Joey leaned in to hear the conversation.
“A little mishap in the baby powder aisle.”
“What do you mean mishap?” Joey asked.
“I ran into Conan, almost literally. He still thinks I’m gay. Not only gay, but gay with a well endowed partner, thanks to Gary’s condoms. He told me that I’m cute when I’m blushing. Oh. And I also need a shave.”
Wit paused then quickly turned to Joey who turned to Gary who turned back to Wit who grabbed the rear view mirror and turned it to face him.
“Joey, I need a shave!”
“And you blushed!”
“That can’t be possible. All that kind of stuff stopped back when I turned! Something is very wrong. Joey, what do you think this means?”

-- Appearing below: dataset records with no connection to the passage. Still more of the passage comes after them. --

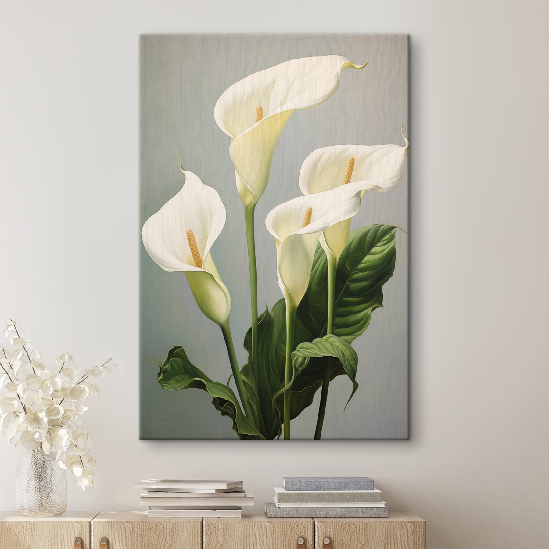 Imaginați-vă că intrați într-o cameră și, bam! Acolo este “Delicate White Blooms in Harmony”. Această imprimare pe pânză nu doar stă acolo; aduce o briză blândă de eleganță și calm, ca și cum florile însele ar șopti lucruri dulci. Perfect pentru acel colț care are nevoie de puțină dragoste sau chiar deasupra canapelei pentru a stârni conversații încântătoare.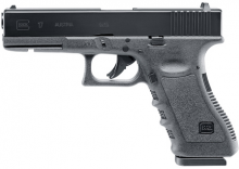 У этого пистолета, как и у боевого образца, на тыльной стороне рукояти есть автоматический предохранитель, снять оружия с которого можно просто взяв его в руки (т.е., пистолет не выстрелит до тех пор, пока вы его не возьмете правильным хватом). И, опять-же, как и у боевого образца, у этого пистолета есть и неавтоматический предохранитель флажкового типа (его видно на фотографии, чуть ниже и левее курка).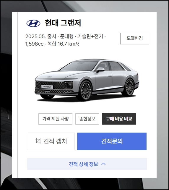 모든 선택 과정이 끝나면 완성된 신차가격표를 최종 확인할 수 있어요. 견적 캡처 기능을 사용하면 나만의 전용 견적서를 저장할 수 있습니다. 이제 2025 현대자동차 구매를 위한 모든 준비가 완료되었어요.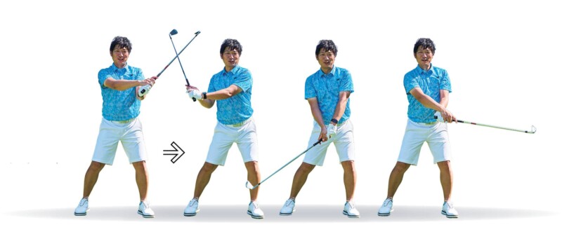 手首をやわらかく使って体の前でクラブをグルグルと回す。この「周期」を乱さずにクラブを加速できるような体の使い方がポイントになる。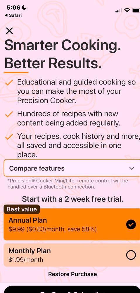 Tried to view a recipe in the Anova app and got this. WTF, I thought we were grandfathered in?by XimenaMendez960 3 Comments JoMa4 1 year ago You have to submit your email to get access. Just email support and they will send you the link. juliuspepperwoodchi 1 year ago You are, but you have to jump through hoops for it. ndjs22 1 year ago Direct copy of a post a week ago with some weird filter on the picture. Reposter.https://i.redd.it/nvibf7wn7kpd1.jpeghttps://www.reddit.com/r/sousvide/comments/1fjrawb/tried_to_view_a_recipe_in_the_anova_app_and_gotWrite A CommentYou must be logged in to post a comment.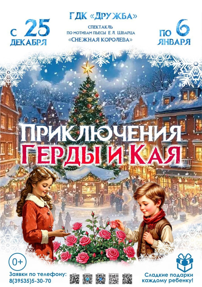 »? Творческий коллектив Дворца культуры «Дружба» подготовил праздничную постановку для юных жителей Усть-Илимска – увлекательную театральную версию приключений Кая и Герды с участием хореографического ансамбля «Движение». Что произойдёт, когда злая Снежная Королева похитит названного брата Герды, мальчика Кая? Смелая девочка отправится навстречу опасным испытаниям, чтобы вернуть любимого друга домой. Мы приглашаем зрителей всех возрастов погрузиться в чарующую атмосферу спектакля, наполненного теплом детской дружбы и искренней любовью, способной победить даже самую сильную колдовскую силу. Показы состоятся с 25 декабря по 6 января. Коллективные заявки по тел.: 8(39535)5-30-70. Касса: 8(39535)5-31-59.
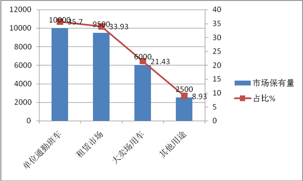 1、按用市场用途划分,长三角区域近28000辆的团体主要用于租赁、单位通勤班车、卖场接送顾客用车等。大致比例如下: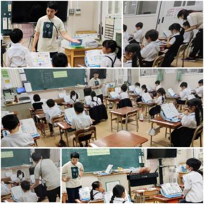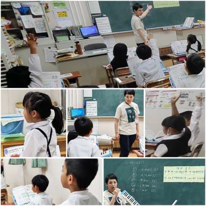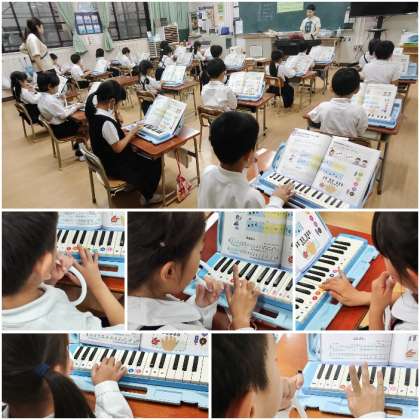 校長室で仕事をしていると、1年生の教室から楽しそうな音楽のメロディが聞えてきました。行ってみると、とても良い姿勢で鍵盤ハーモニカの練習をしていました。先生との掛け合いで、全員揃ってとても上手にふけていたので、思わず拍手をしてしまいました。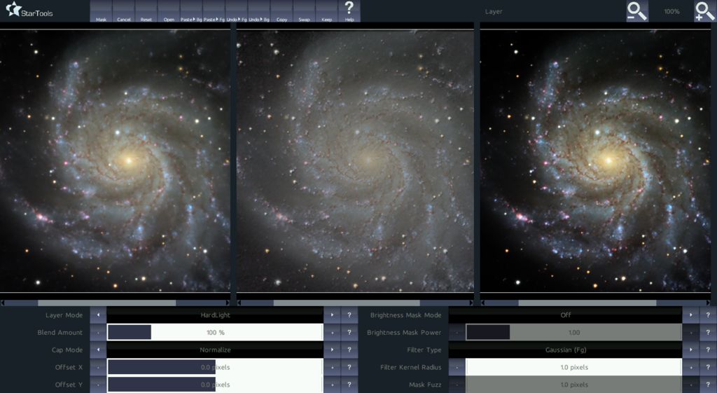 Features like selective layering, automated luminance masking, a vast array of filters (including Gaussian, Median, Mean of Median, Offset, Fractional Differentation and many, many more) allow you to emulate complex algorithms such as SMI (Screen Mask Invert), PIP (Power of Inverse Pixels), star rounding, halo reduction, chromatic aberration removal, HDR integration, local histogram optimization or equalization, many types of noise reduction algorithms and much, much more.

“Blushing means blood flow. Your hair is growing again. No fangs. I hate to say it. I think you might be alive again.”
“Alive? No. I can’t be. This is freaking me out.”
“That blonde really fucked you up big time,” Gary added.
“Well thank you, Mr. Obvious!” Wit snapped.
“Hey, it isn’t his fault! Just cool it. Let’s take a second a think about this.” Joey rubbed his eyes and took a beat. “We now, more than ever, need to get back to the restaurant and search for clues. Something, anything that might help us to figure out why she did this to you.”
Everyone nodded in agreement. “But, before we go, I’ve got one thing more to say.”
“What?”
“Wit’s got a boyfriend. Wit’s got a boyfriend,” Joey sang, as if he were seven years old.